Of course they were still Jews. The dispute between Paul and Peter was that Peter had been intimidated by the envoy from Jerusalem, and so he compromised the integrity of his ministry--St. Paul rightly and correctly called him out on this and rebuked him for it. It doesn't change the fact that both Paul and Peter were Jews, and that there were both Jews and Gentiles in the churches of Galatia.

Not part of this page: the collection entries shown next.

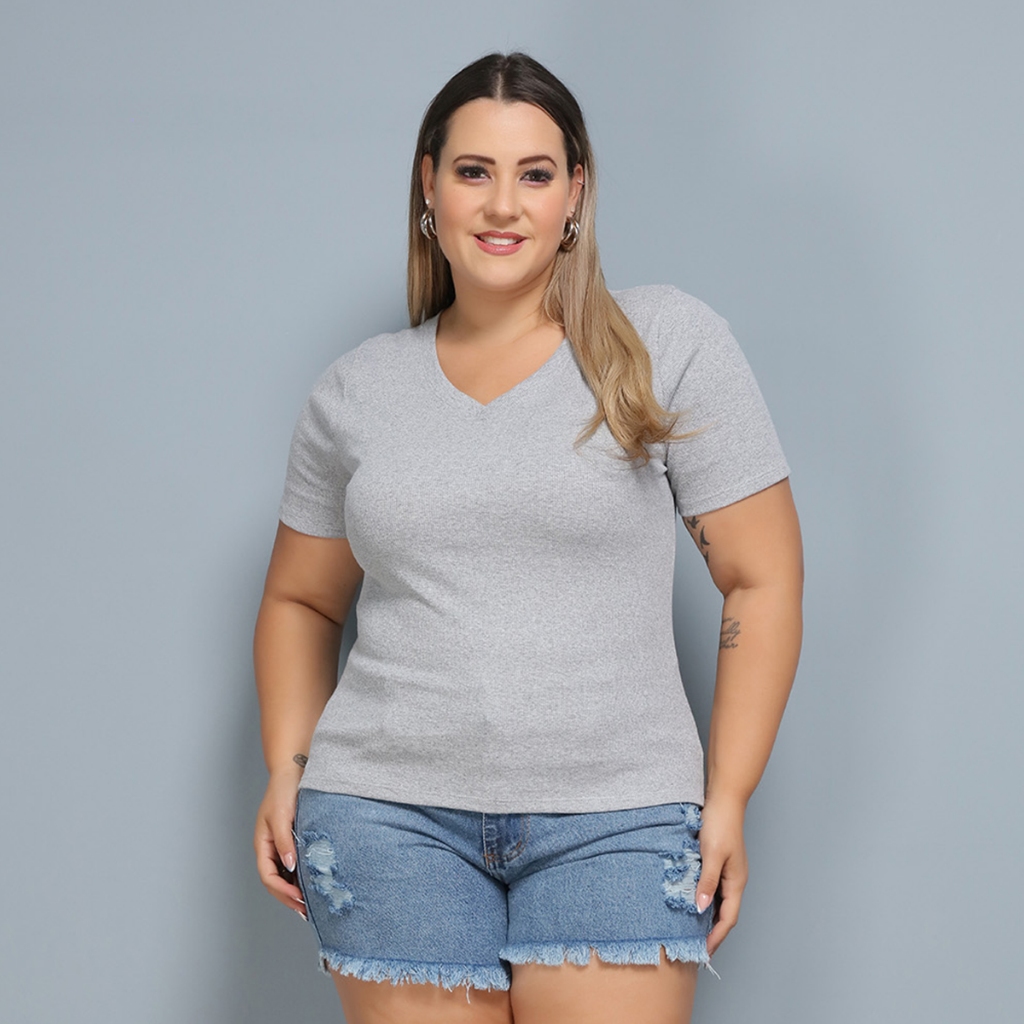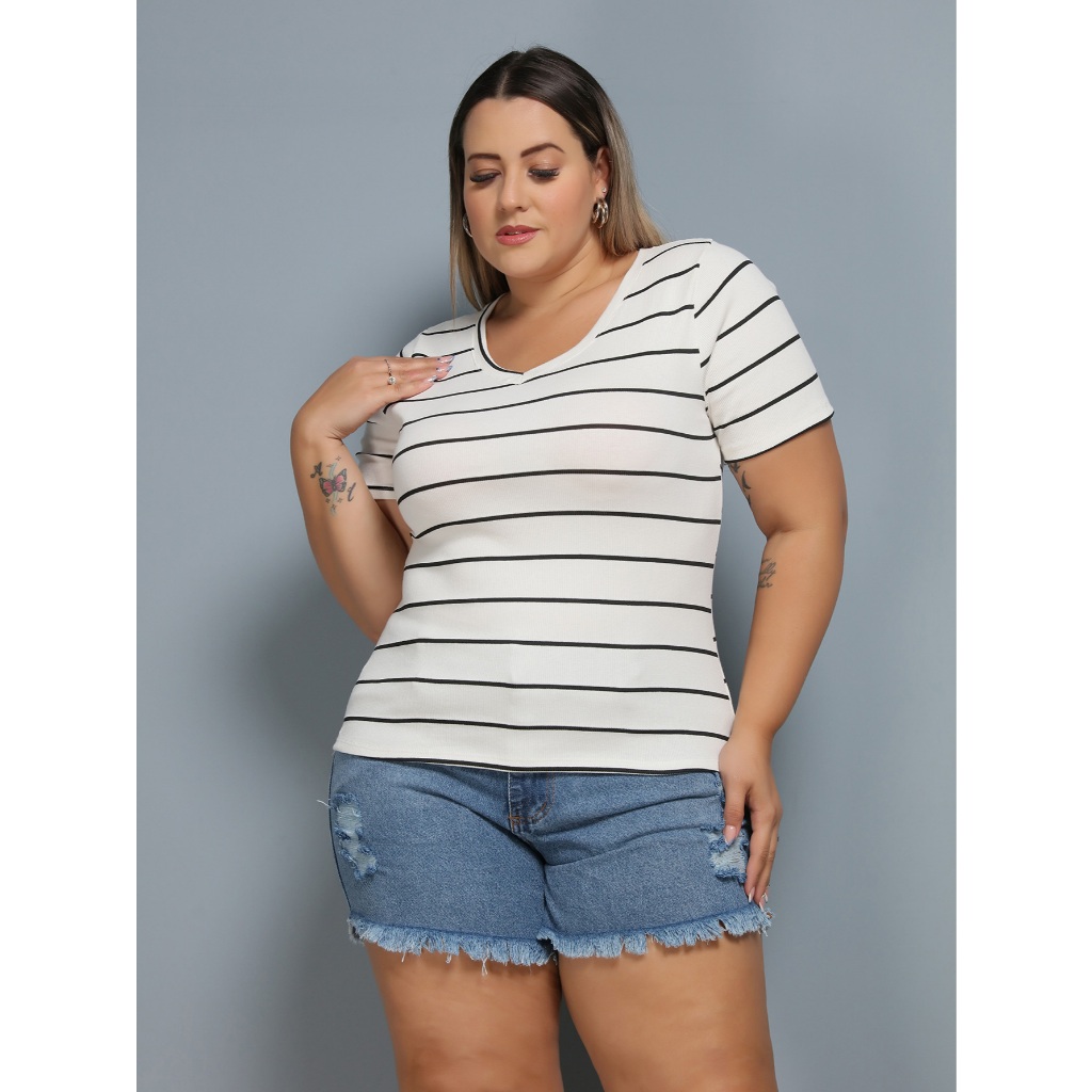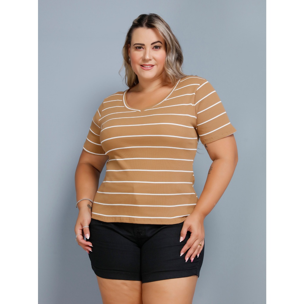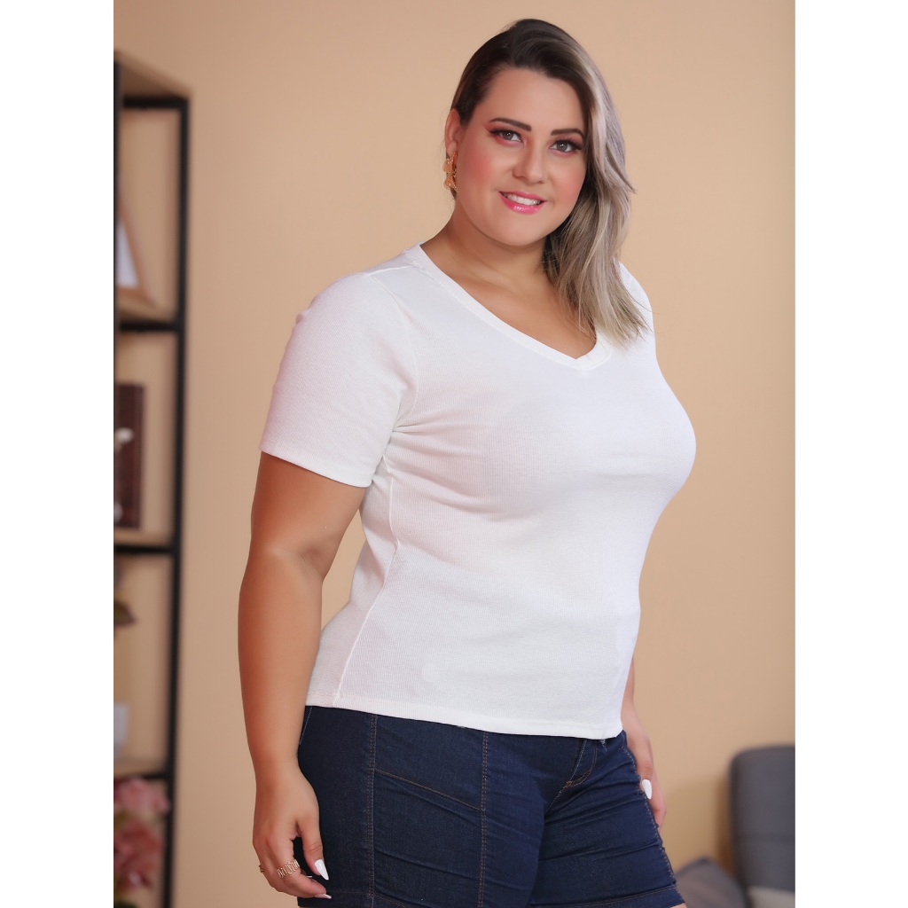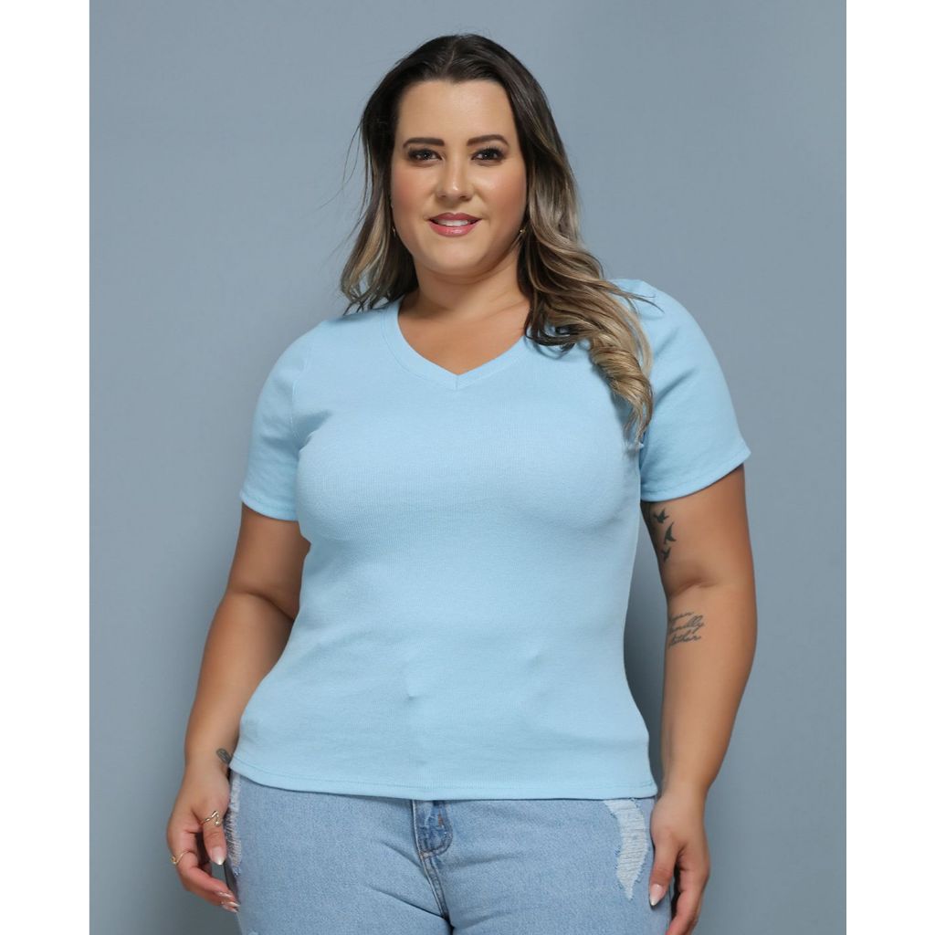 T Shirt Feminina Camisa Camiseta Canelada Plus Size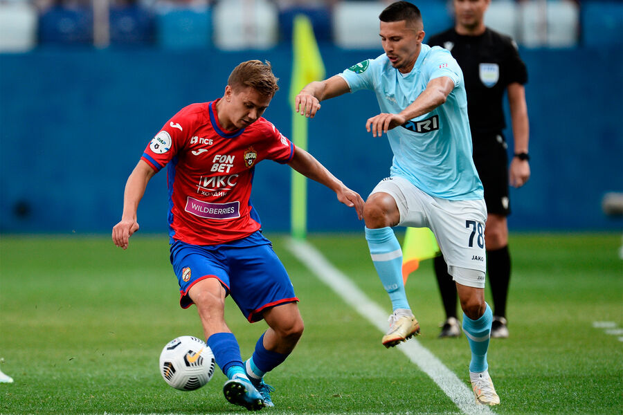 Тут же ответочка от ЦСКА: прекрасная передача от Чалова прошла, но вот замыкающий удар не удался — немного мимо ворот.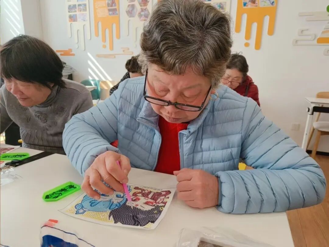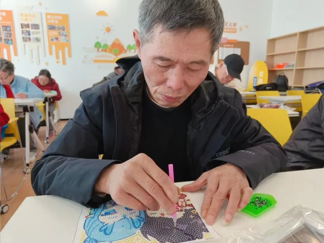 活動伊始,指導老師分發材料並細致講解技法。老人們聽得津津有味,眼神中透露出對新鮮事物的好奇,隨后,迫不及待地拿起工具,對照圖樣逐顆黏貼。馬師傅緊盯畫布,精准落下一顆彩鑽后笑道:“我以前從來沒接觸過這些,起初覺得難,沒想到上手之后發現很有意思。”其他老人也紛紛點頭表示贊同,切磋技巧、分享心得,現場笑語不斷。

Religiously speaking they never changed religions. They were devout observers of the Jewish religion during Christ's earthly ministry, and devout observers of the Jewish religion afterward; but their understanding of what that religion meant and entailed was radically and forever changed by their experience with Jesus, because Jesus is the Christ. Of course everything must now change, the Messiah has come and brought with Him the kingdom of God, and with Him the redemption of the whole world. For the Messianic Kingdom has come and with it peace with God, salvation, forgiveness of sin, and the Gospel to all nations.
The early followers of Jesus would never have considered their religious identity and affiliation as changed, they had not abandoned the religion of Abraham, Moses, and all the Prophets; they were of this religion which has its fullness here in the Person of God's Messiah, Jesus of Nazareth.